[Exercise aim]
Your copy should hold exactly the lines from the beginning of the listing below through the line with "The Midea 20L", without any pictures.

[Data excerpt Boundary: Start]

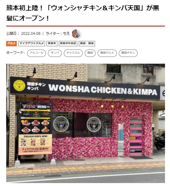5位は、「ウォンシャチキン&キンパ天国」の記事。
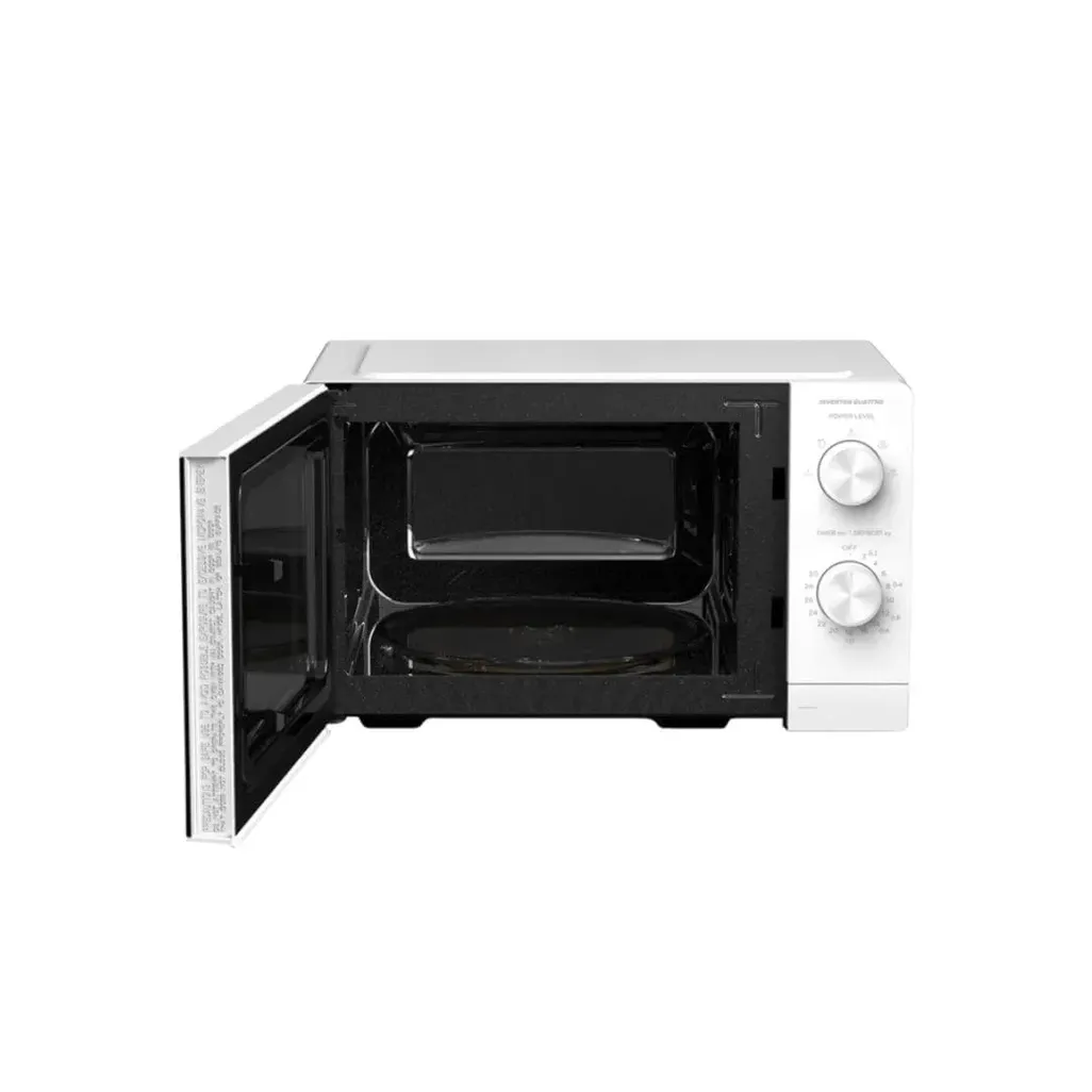 The Midea 20L White Inverter Microwave Oven is designed to efficiently elevate your cooking experience. Powered by Midea’s advanced Manual SMARTWAVE Technology, this microwave optimizes energy use, reducing power consumption by 21% and offering a quieter operation for an eco-friendly kitchen. Its intelligent control system adapts to a wide voltage range (170~270V), safeguarding against power fluctuations for lasting durability.
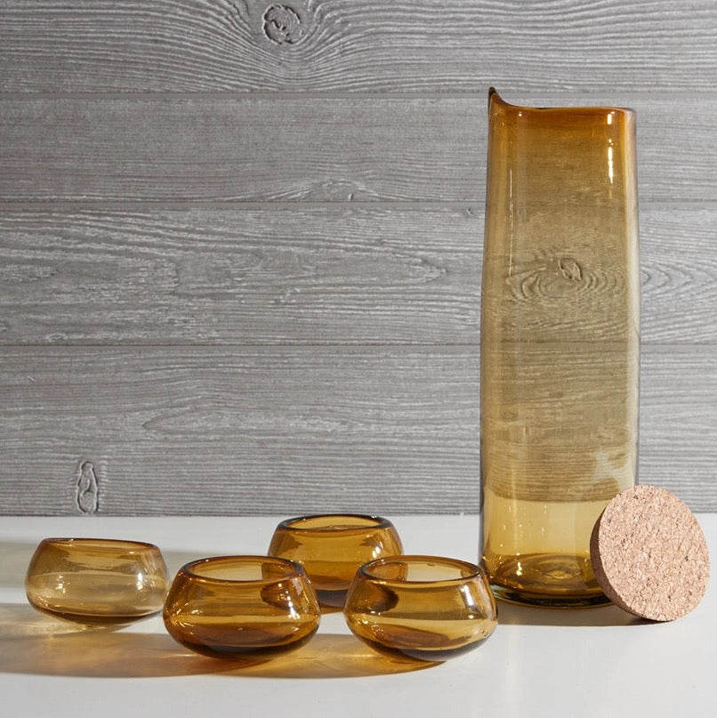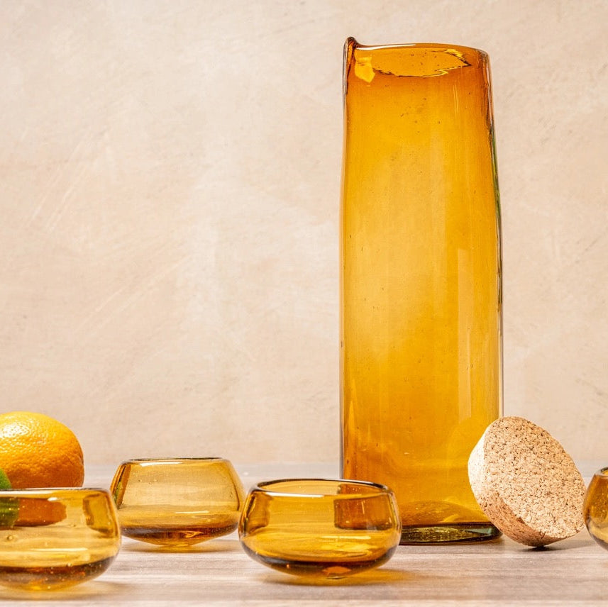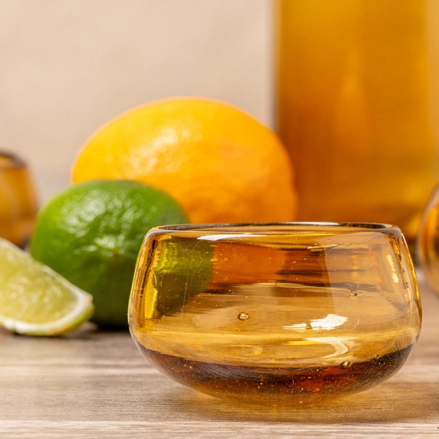 As tequila and mezcal's popularity soars, explore the art of flavor experimentation with our Infuse Set. Embrace tradition with four jicaras - small cups crafted from jicara fruit bark, designed to enhance the full expression of mezcal by allowing alcohol to evaporate. These handblown glass-tasting cups feature wide mouths, ensuring maximum flavor absorption. The set also includes a wide-top decanter with a robust cork seal, preserving your creations perfectly. Delight in the world of mezcal with our Infuse Set, which comes with recipes and an elegant gift box. Elevate your tasting experience now!

[Data excerpt Boundary: End]

[Expected answer]
5位は、「ウォンシャチキン&キンパ天国」の記事。
 The Midea 20L White Inverter Microwave Oven is designed to efficiently elevate your cooking experience. Powered by Midea’s advanced Manual SMARTWAVE Technology, this microwave optimizes energy use, reducing power consumption by 21% and offering a quieter operation for an eco-friendly kitchen. Its intelligent control system adapts to a wide voltage range (170~270V), safeguarding against power fluctuations for lasting durability.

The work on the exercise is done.